Work to be completed: Search the data for the string "contar", and report each line where it is found.

(Provided data Opens)

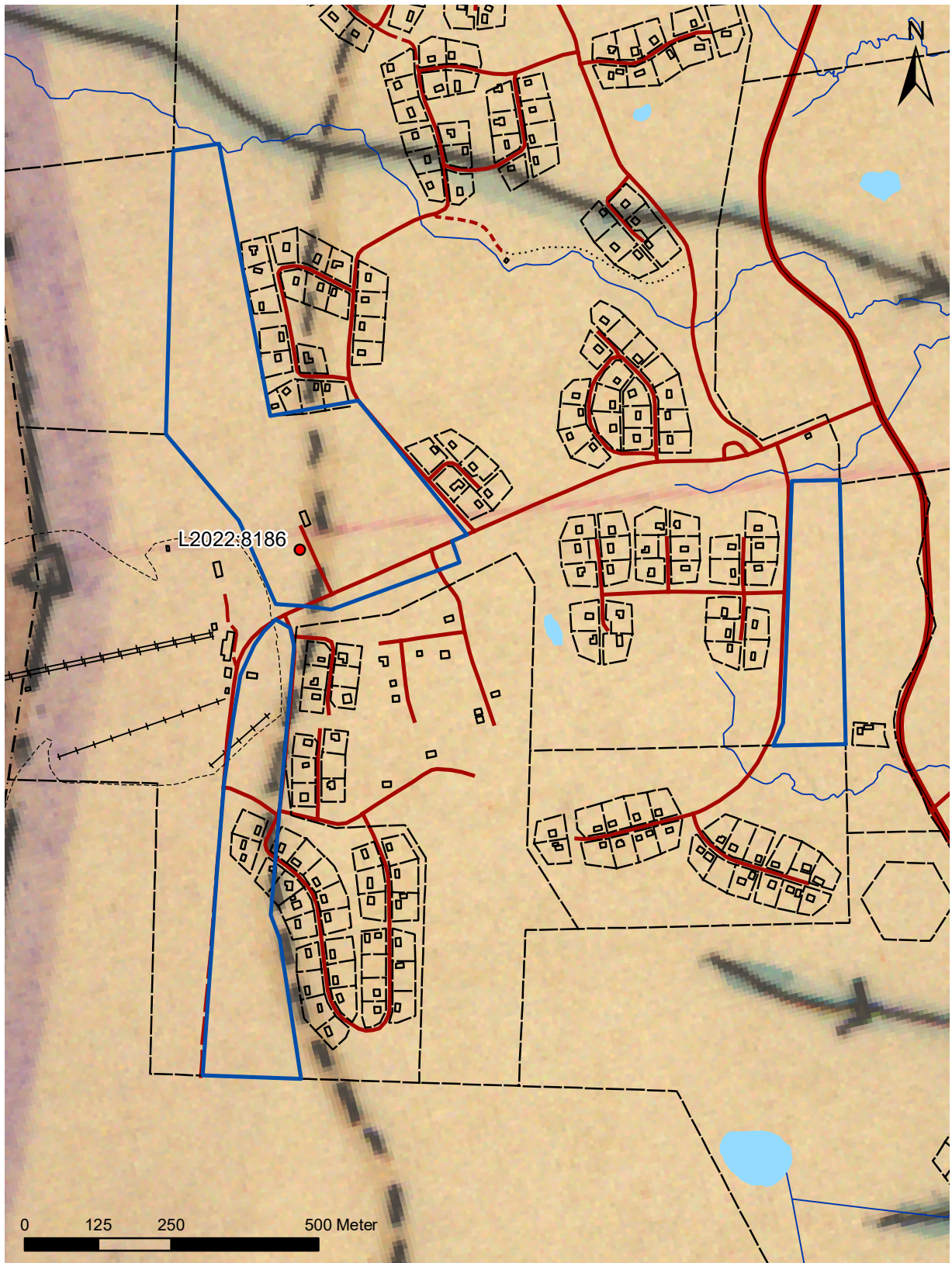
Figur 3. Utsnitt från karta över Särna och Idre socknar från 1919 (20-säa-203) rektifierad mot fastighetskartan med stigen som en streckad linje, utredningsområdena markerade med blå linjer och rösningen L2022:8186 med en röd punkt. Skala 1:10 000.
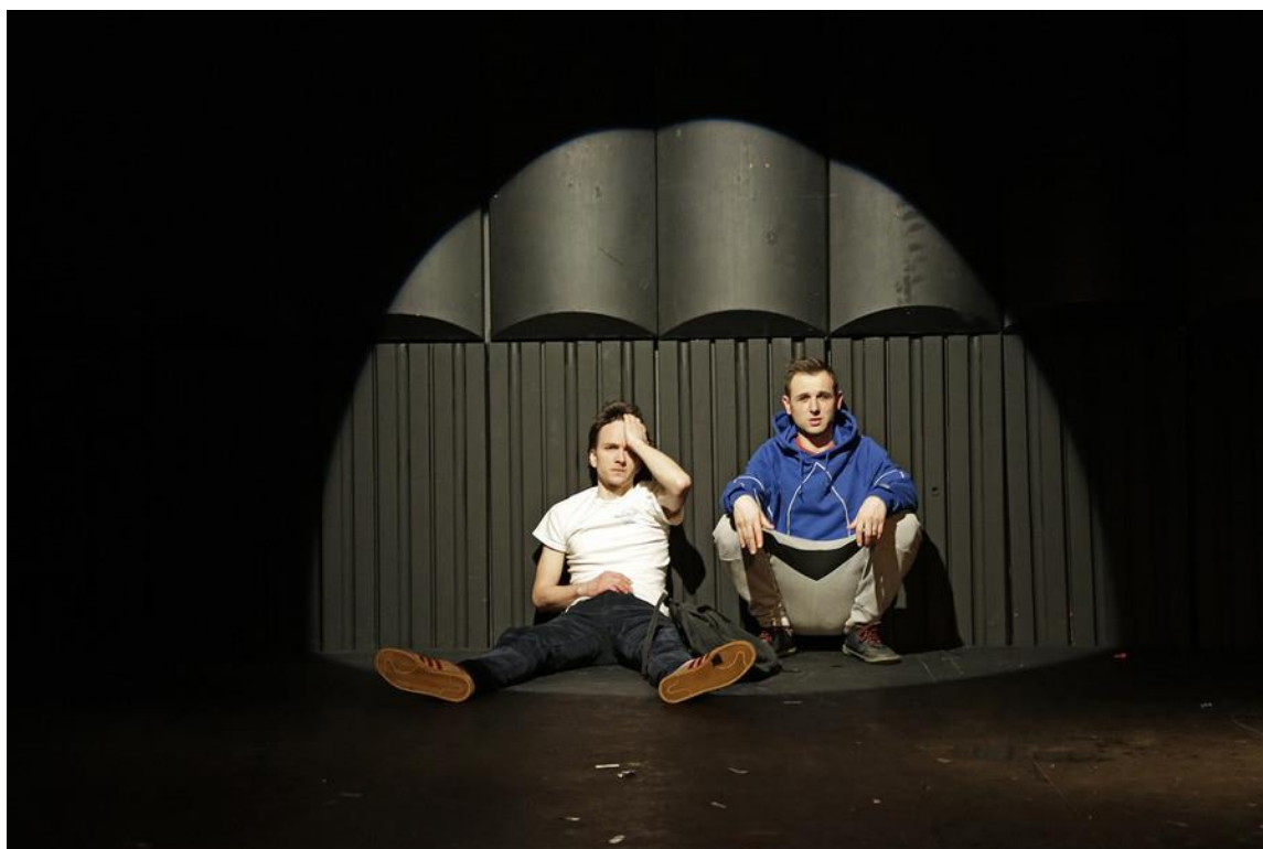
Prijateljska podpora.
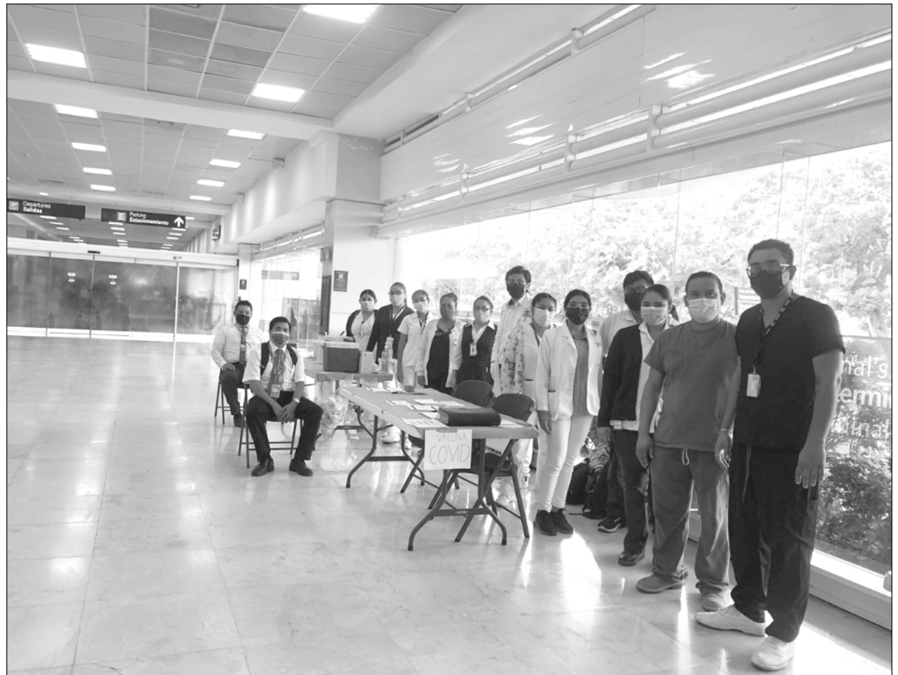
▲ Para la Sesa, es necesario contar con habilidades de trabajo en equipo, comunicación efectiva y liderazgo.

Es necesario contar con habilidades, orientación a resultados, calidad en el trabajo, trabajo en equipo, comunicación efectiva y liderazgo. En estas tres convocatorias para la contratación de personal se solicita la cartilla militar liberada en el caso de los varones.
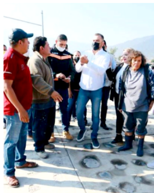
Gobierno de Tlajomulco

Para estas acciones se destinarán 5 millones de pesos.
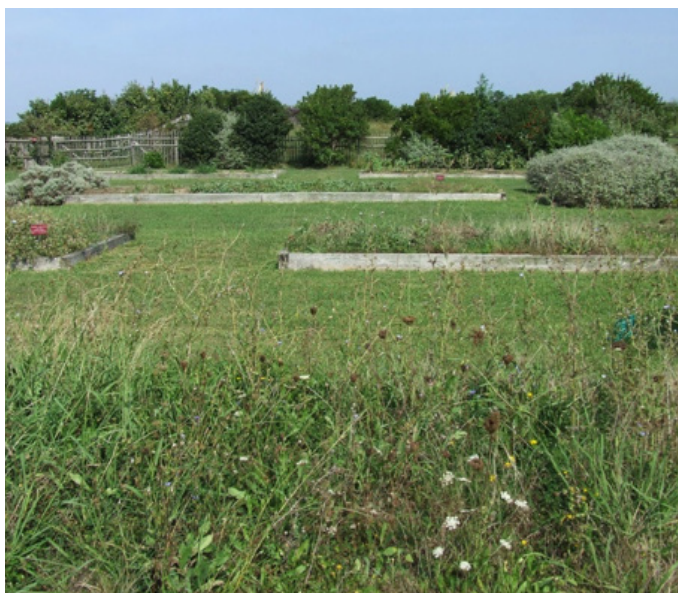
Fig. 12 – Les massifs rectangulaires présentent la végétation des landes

(Provided data Closes)

Reply:
▲ Para la Sesa, es necesario contar con habilidades de trabajo en equipo, comunicación efectiva y liderazgo.
Es necesario contar con habilidades, orientación a resultados, calidad en el trabajo, trabajo en equipo, comunicación efectiva y liderazgo. En estas tres convocatorias para la contratación de personal se solicita la cartilla militar liberada en el caso de los varones.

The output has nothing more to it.